Film Review: Wonder Woman


What happens when American pilot Steve Trevor (Chris Pine) crash lands near the land of the Amazons and meets daughter of Zeus, Princess Diana (Gal Gadot)? After Trevor explains that the world is at war, Diana decides it’s time to leave the island of Themyscira against the wishes of her mother, Queen Hippolyta, and become the new hero Wonder Woman.

The film Wonder Woman gets the job done in so many ways. This movie is a delightful departure from the dark themes and angst ridden sub-plots of the other DC universe movies. From the land of the Amazons to a Europe at war, the pacing is near perfect. Also, the movie delivers a excellent version of the origin story and isn’t afraid to take some risks with the Wonder Woman mythology that also succeed on many levels. Speaking of mythology, in last 30 or so years, Wonder Woman scribes have mined her Greek Mythology origins and focused on the problems of the old Gods and the world of men and this movie carries on that tradition while adding some new much-needed textures to the DC cinematic universe.

Photo credit: Atlas Films

Director Patty Jenkins takes a script by Allan Heinberg, based on a story by Zack Snyder, Jason Fuchs, and Geoff Johns, and creates some real movie magic. Jenkins’ Wonder Woman eschews cheesecake pin-up shots for battle action which Gadot delivers.

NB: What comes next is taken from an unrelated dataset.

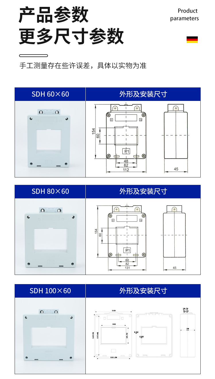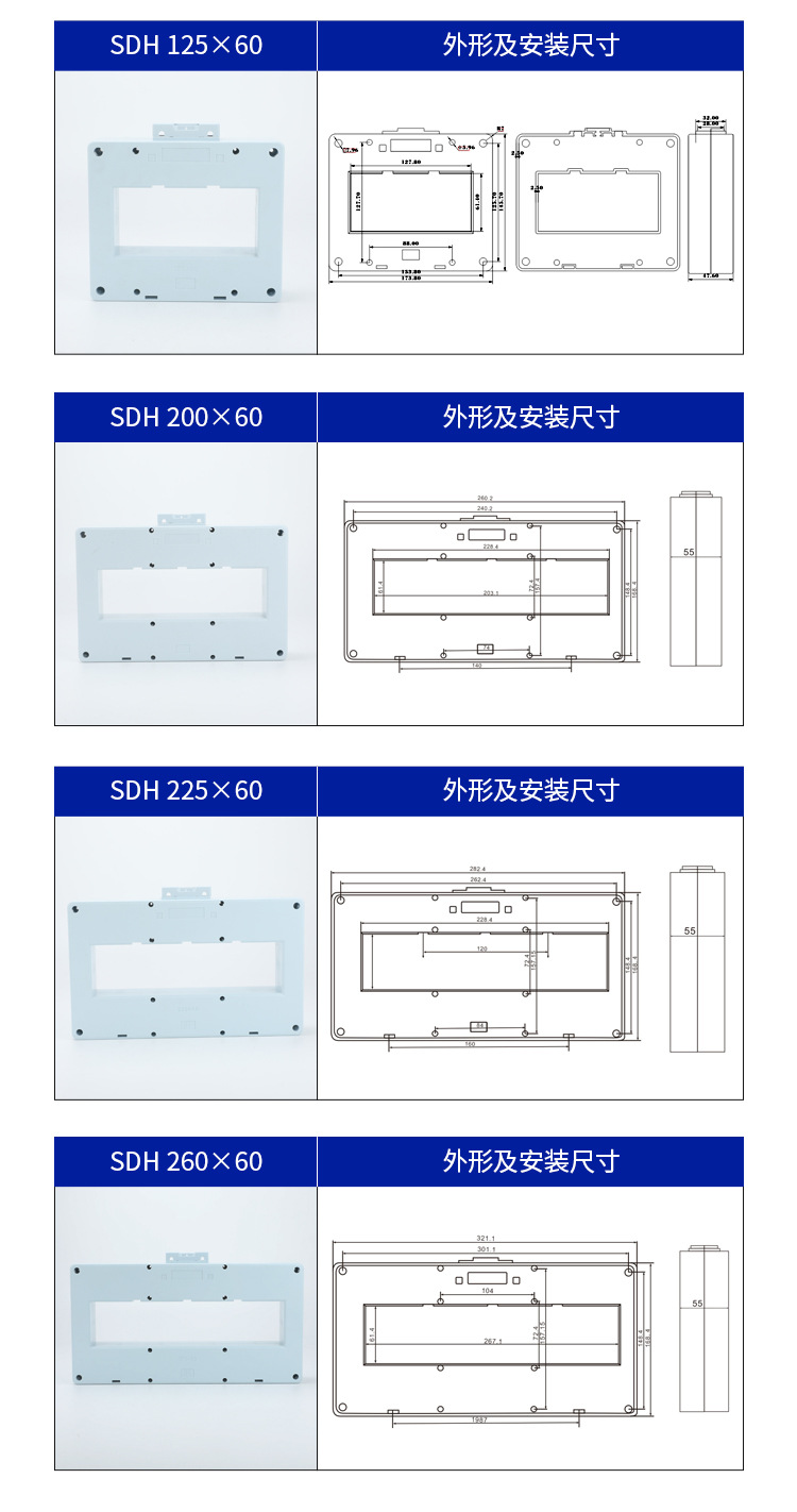 阻燃外壳SDH III-260X60低压交流电流互感器

The film has been kicking around in development hell since 1996 with everybody from Sandra Bullock to Lucy Lawless slated to play the character, but perhaps it was truly worth the wait since this product reaches a very high level of quality that has been rewarded by fans and critics alike.

The character Wonder Woman has always been a bit problematic in my opinion because of some of the sexists themes various authors (mostly male) injected into her story and costuming over the years. Considering the way comic book artists tend to sexualize their female characters, Wonder Woman always stood out as the primary offender of that particular trope. This movie puts much of that skepticism to rest in the best way possible. I questioned the World War One setting when I first heard of it, but it actually works and not only does it work, but it works very well. Gal Gadot was not my first choice of casting either, but I have to admit she did an admirable job. There was no question she stole the show in “Batman V. Superman: Dawn of Justice” and she builds on that charisma and screen presence virtually guaranteeing that she will be a permanent fixture in the DC Movie Universe. Oh, and we should also recognize side-kick Chris Pine’s performance which displayed considerable chemistry.

Of course, the movie has generated a bit of controversy with some “women only screenings” that agitated the idiotic “men’s rights” movement and to that I say, “Good.” Wonder Woman has managed to step out of the big screen and expose the haters for the backwards thinking fools these protesters are. That’s how you change the world.


Overall, I give the film an solid A.